Differentiating ln(1+x)
Say: p=ln(1+x)=lnu
(dp)/(du)=1/u=1/(1+x)
u=1+x, (du)/(dx)=1
Therefore:
(dp)/(dx)=1/(1+x)
Differentiating ln(1-x)
Say:
q=ln(1-x)=lnu
(dq)/(du)=1/u=1/(1-x)
u=1-x, (du)/(dx)=-1
Therefore:
(dq)/(dx)=-1/(1-x)
Differentiating y=1/sqrt(1-x^2)
y=1/sqrt(1-x^2)
lny=ln(1/sqrt(1-x^2))
lny=ln1-ln((1-x^2)^(1/2))
lny=-1/2ln(1-x^2)
lny=-1/2ln((1+x)(1-x))
lny=-1/2{ln(1+x)+ln(1-x)}
lny=-1/2ln(1+x)-1/2ln(1-x)
1/y*(dy)/(dx)=-1/2{1/(1+x)}-1/2{-1/(1-x)}
1/y*(dy)/(dx)=1/(2(1-x))-1/(2(1+x))
y*1/y*(dy)/(dx)=y{1/(2(1-x))-1/(2(1+x))}
(dy)/(dx)=1/(sqrt(1-x^2)){1/(2(1-x))-1/(2(1+x))}
(dy)/(dx)=1/(sqrt((1+x)(1-x))){1/(2(1-x))-1/(2(1+x))}
An explanation provided by Harivogind S. as to why the result above is the same as the result he has provided...

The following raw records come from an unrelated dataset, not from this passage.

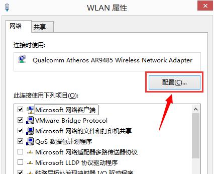 3、然后在打开的WLAN属性窗口中选择“配置”:再在打开的窗口中选择“电源管理”选项卡:取消对“允许计算机关闭此设备以节约电源”的勾选,再点击“确定”即可。
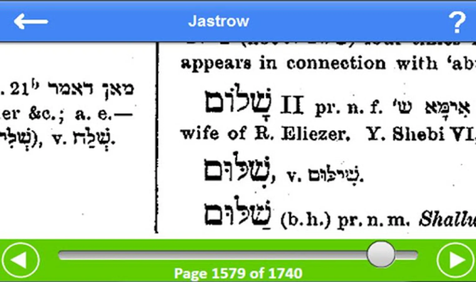 Fast search, multiple definition display. One click to show the actual page in the Jastrow that your word appears on for usage examples and further sources.
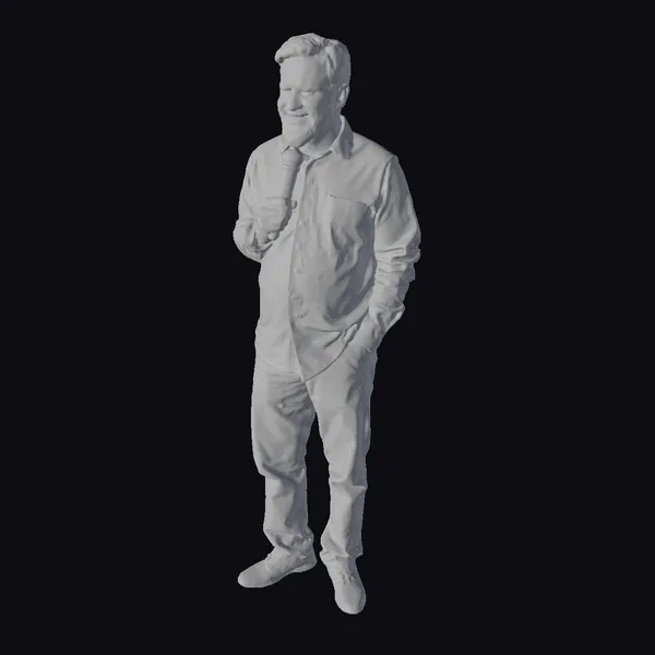 This meticulously crafted 3D model presents a realistic portrayal of an American comedian, poised as if mid-performance. The model’s facial features are finely detailed, capturing a warm, inviting smile that suggests a connection with the audience. The texture of the red leather jacket appears lifelike, complementing the smooth white shirt and the slight sheen on the black pants. The brown shoes add a touch of earthiness to the overall vibrant appearance. The comedian’s pose, with one hand confidently placed in his pocket and the other gripping the microphone, conveys a sense of ease and professionalism on stage. This model is perfect for projects requiring a realistic human character, especially in contexts like game development, animation, virtual reality experiences, or architectural visualizations where a human element is essential.
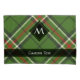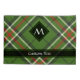 Green, black, red and white tartan design. Seamless pattern. Custom text and monogram.
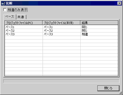[相違のみ表示]にチェックを入れると、比較結果が[同じ]もの以外を表示します。
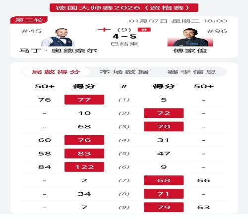 傅家俊在2-4后连拿三局,最终拿下对手。
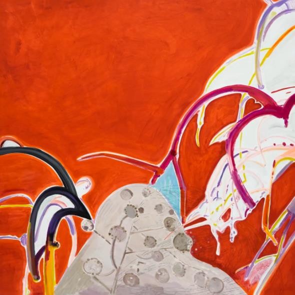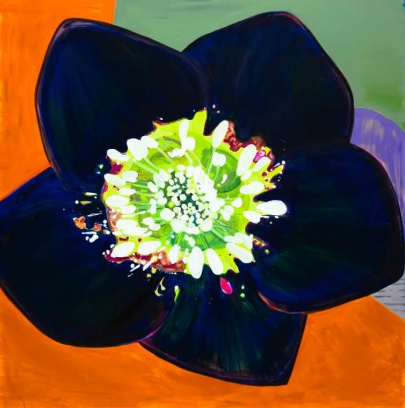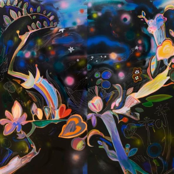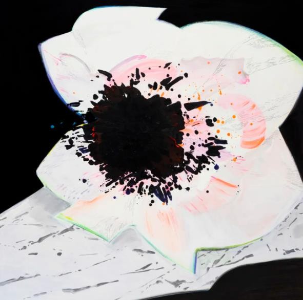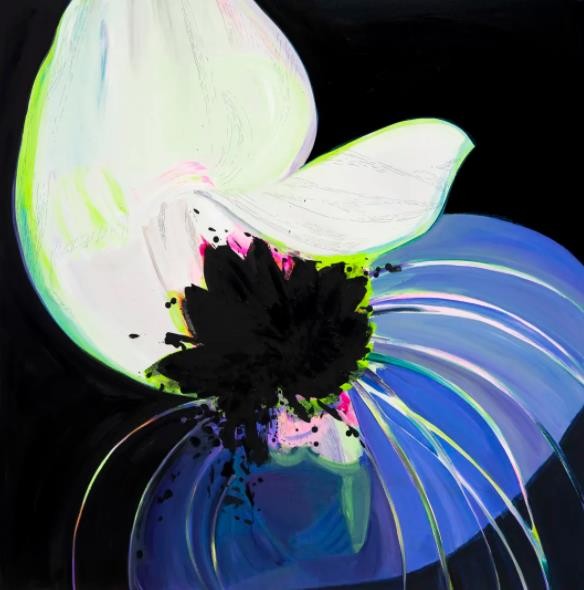 在本次展览中,陈欣的作品主要包括两部分。一组是花卉,取题为《果实》系列。其中一部分是对于单朵花卉的描摹:一朵盛开的鲜花几乎撑满画布,线条流畅,结构饱满,色彩对比强烈甚至显得冲突。比如在《果实01》这幅作品中,花瓣是白色的平涂,局部敷以淡淡的粉红;因为陈欣在创作中常用荧光材料,这使得花瓣显得尤为白亮。但在这片白亮的花瓣的中间部分,花蕊却是大团的黑色,边缘还有向周围散射的黑色颜料,有如泼墨。这种黑白间的冲突让人想到马奈的《奥林匹亚》中黑白两色的对比。马奈画中的黑人和黑猫像一种隐藏在背景中的神秘,衬托和强化着前景中白人身体的大胆袒露。而陈欣的这团黑色的花蕊则像是从画面里向外迸发出的具有挑战性甚至亵渎性的力量,直接破坏了花瓣所营造的关于花卉的那种素雅圣洁的想象。

{1/(2(1-x))-1/(2(1+x))} = [(1+x) - (1-x)]/[ 2*(1-x)*(1+x)] - common denominator.
= (2x)/[2*(1-x^2)]
{1/(2(1-x))-1/(2(1+x))} = x/(1-x^2)
and,
1/sqrt[(1+x)(1-x)] = 1/sqrt[(1-x^2)]
Therefore -
(dy)/(dx)=1/(sqrt((1+x)(1-x))){1/(2(1-x))-1/(2(1+x))} = 1/sqrt(1-x^2)*[x/(1-x^2)]
(dy)/(dx)=x/(1-x^2)^(3/2)
*Quotient rule was not required in these workings as your fraction didn't contain both a numerator and denominator that were both functions of x.